Sunday, February 23, 2014

Triple terror from Spittin' Teeth, Defyed and By Conquest or Consent

SATURDAY evening - that time when the beige and vanilla people settle down to get ready, don their glad rags, watch crap television and sup their pre-drinks. But on the Ormeau Avenue in the dark recesses of Limelight2 The Distortion Project unleashed a triple terror hardcore and metal attack.

And, the beige and vanilla people will never know the joy of the all-out, balls out musical assault from Spittin' Teeth, Defyed and By Conquest or Consent; all three of which produced an evening of deep passion and smiles all round.

Spittin' Teeth opened up proceedings like the bastard sons of Stormtroopers of Death, Hatebreed and DRI. They managed to be both loose and enjoyable.

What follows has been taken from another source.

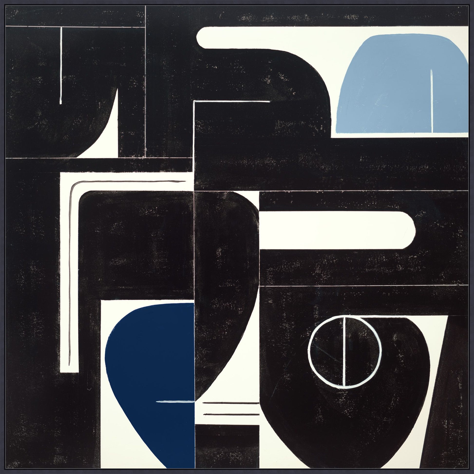 Un jeu graphique sur toile, sublimé par de multiples couches de texture. Encadré noir mat.

Flinging riffs and anger to the audience each interlude produced laughter as Dom confessed to being under the influence. Despite that there is an attitude here well worth cultivating further. Of particular note was the rhythm section, with drumming that pounded and splashed to add aural colour to the set

Defyed have grown up as a band in a relatively short period of time and they appreciate the need to be professional in how they approach their music. From the intro through to the closer this is a tight unit, mixing hardcore aggression with a precise musical approach reminiscent of mid-period Soulfly.

Wayne poured real passion into his singing. He's mobile and stamps out each beat, sweat oozing and his soul bared as the likes of Parasites (dedicated to all politicians and Vladimir Putin in particular on this evening).

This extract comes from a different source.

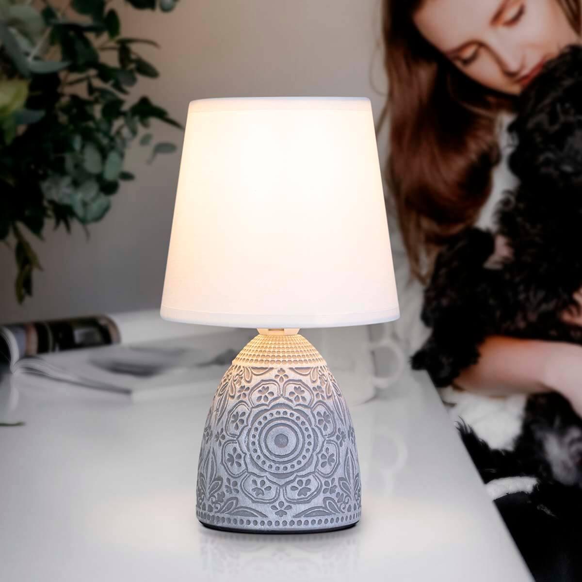 Настольная лампа Rivoli Debora D7045-502 Б0053469 от Китайского бренда из коллекции Debora ) подходит для установки на стол в гостиной в стиле модерн. Лампа из керамической основы - серого цвета и плафонами из ткани в форме - белого цвета.

Steve and Trev are beginning to have the telepathic understanding of each other that comes with rehearsal and live performances, while Kerian locks it all down.

Spit the Lies and Stick Tight had a real resonance amidst the noise.

This was the first time we have encountered By Conquest or Consent and it was a joy to see such a mélange of hardcore and metal, with the metallic edge being the most prominent.

Pete is a compelling frontman, and Michael looks like a full on metal guitarist, locked on to his Jackson, but the tracksuit bottoms revealing other influences.

Dom on bass (after six-string duties earlier for Spittin' Death) has it tightly bound and is a foil for Pete to play upon, while Jay and Pete bolster the sound.

This is a band with loads of potential and are really enjoyable to watch and listen to.

This Distortion Project offering showed that hardcore with a metallic twist is proof of the diversity of music Northern Ireland is producing and producing well.

One day the beige and vanilla people will walk away from their mass-produced nonsense of The Voice, X-Factor and the rest of the drivel and enjoy the release of pure locally produced passionate music.